--- RECORD EXTRACTS ---
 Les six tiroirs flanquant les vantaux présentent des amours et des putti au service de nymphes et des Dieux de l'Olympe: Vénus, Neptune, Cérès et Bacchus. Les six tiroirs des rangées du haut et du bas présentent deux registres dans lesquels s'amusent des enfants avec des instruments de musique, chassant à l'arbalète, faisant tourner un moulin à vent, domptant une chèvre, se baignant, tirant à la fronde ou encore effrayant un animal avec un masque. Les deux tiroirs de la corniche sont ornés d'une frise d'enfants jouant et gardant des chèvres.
---
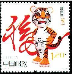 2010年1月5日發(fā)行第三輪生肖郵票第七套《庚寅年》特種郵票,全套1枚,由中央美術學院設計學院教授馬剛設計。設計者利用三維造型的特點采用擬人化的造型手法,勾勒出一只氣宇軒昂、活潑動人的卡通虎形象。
...
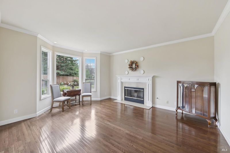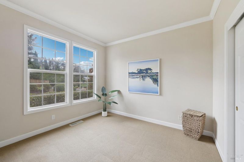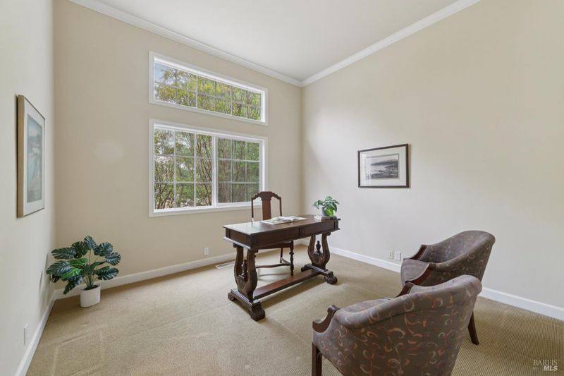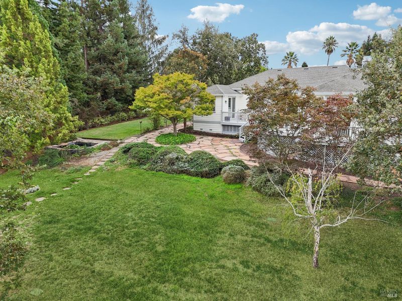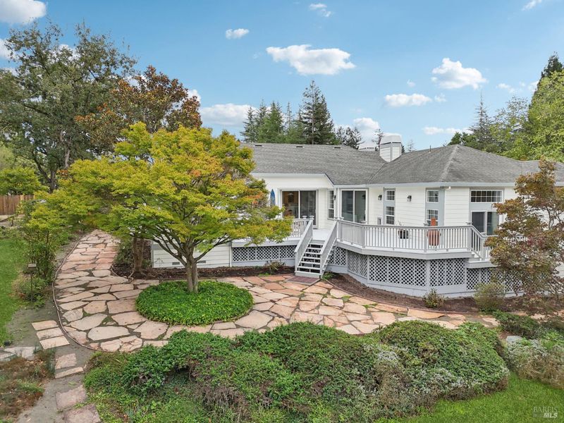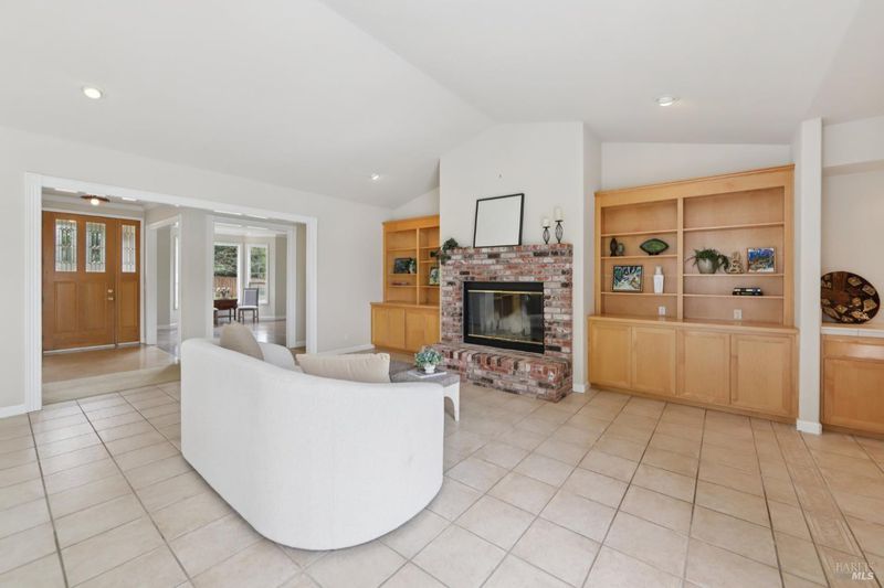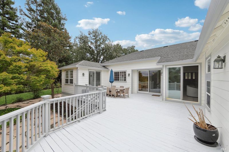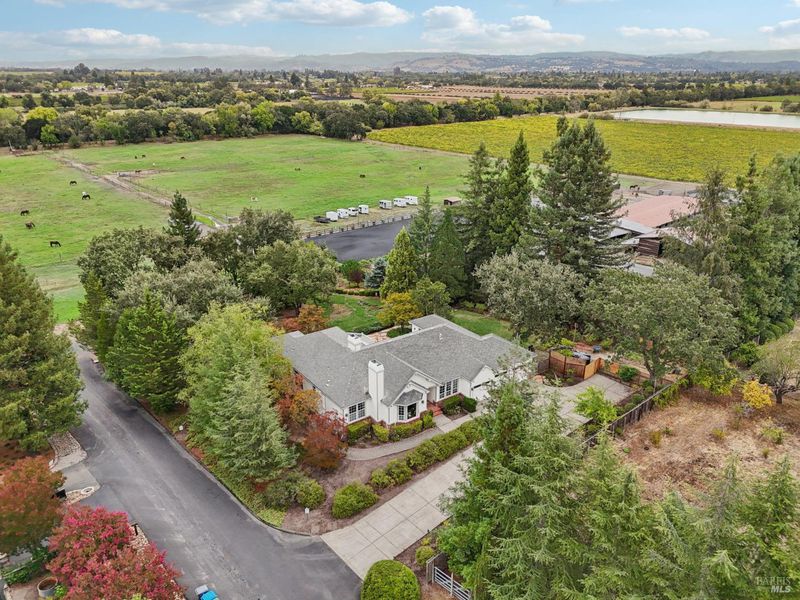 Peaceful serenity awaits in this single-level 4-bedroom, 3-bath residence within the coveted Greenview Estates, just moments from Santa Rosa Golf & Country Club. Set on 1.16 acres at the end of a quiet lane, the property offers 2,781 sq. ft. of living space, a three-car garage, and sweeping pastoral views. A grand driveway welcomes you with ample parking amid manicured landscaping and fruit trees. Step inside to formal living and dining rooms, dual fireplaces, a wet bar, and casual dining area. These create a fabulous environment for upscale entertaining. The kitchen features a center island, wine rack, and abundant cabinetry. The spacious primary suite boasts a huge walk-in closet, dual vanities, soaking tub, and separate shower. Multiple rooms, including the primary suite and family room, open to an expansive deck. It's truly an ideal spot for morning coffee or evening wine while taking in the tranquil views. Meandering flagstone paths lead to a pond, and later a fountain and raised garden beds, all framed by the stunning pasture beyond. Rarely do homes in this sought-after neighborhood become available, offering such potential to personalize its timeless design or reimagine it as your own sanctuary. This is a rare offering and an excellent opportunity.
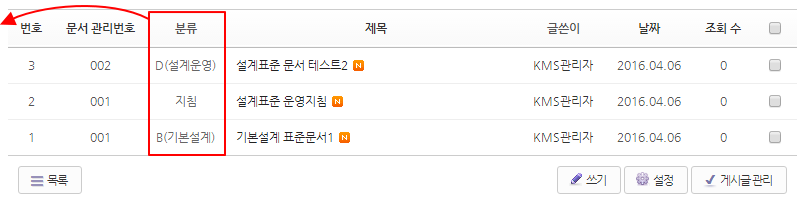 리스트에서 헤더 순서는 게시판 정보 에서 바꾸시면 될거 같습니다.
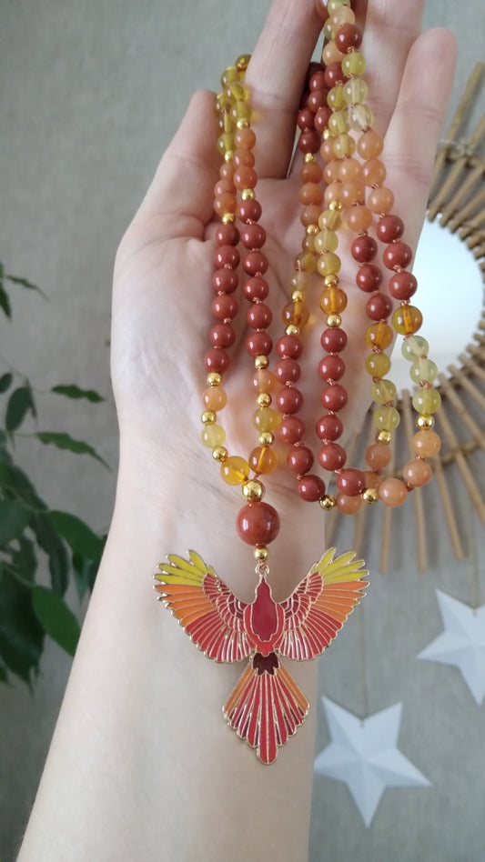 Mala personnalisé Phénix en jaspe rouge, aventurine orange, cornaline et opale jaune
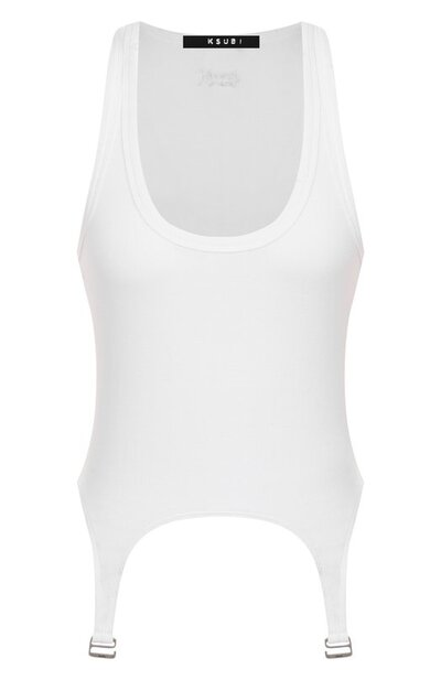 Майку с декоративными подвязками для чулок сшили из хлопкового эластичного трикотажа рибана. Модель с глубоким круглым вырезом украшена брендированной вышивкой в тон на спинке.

--- PROBLEM DETAILS ---
Copy everything above from the line holding "Mala personnalisé Phénix" down to the line holding "Майку с декоративными", both ends included, exactly as it stands and without the pictures.

--- RESPONSE BELOW ---
 Mala personnalisé Phénix en jaspe rouge, aventurine orange, cornaline et opale jaune
 Майку с декоративными подвязками для чулок сшили из хлопкового эластичного трикотажа рибана. Модель с глубоким круглым вырезом украшена брендированной вышивкой в тон на спинке.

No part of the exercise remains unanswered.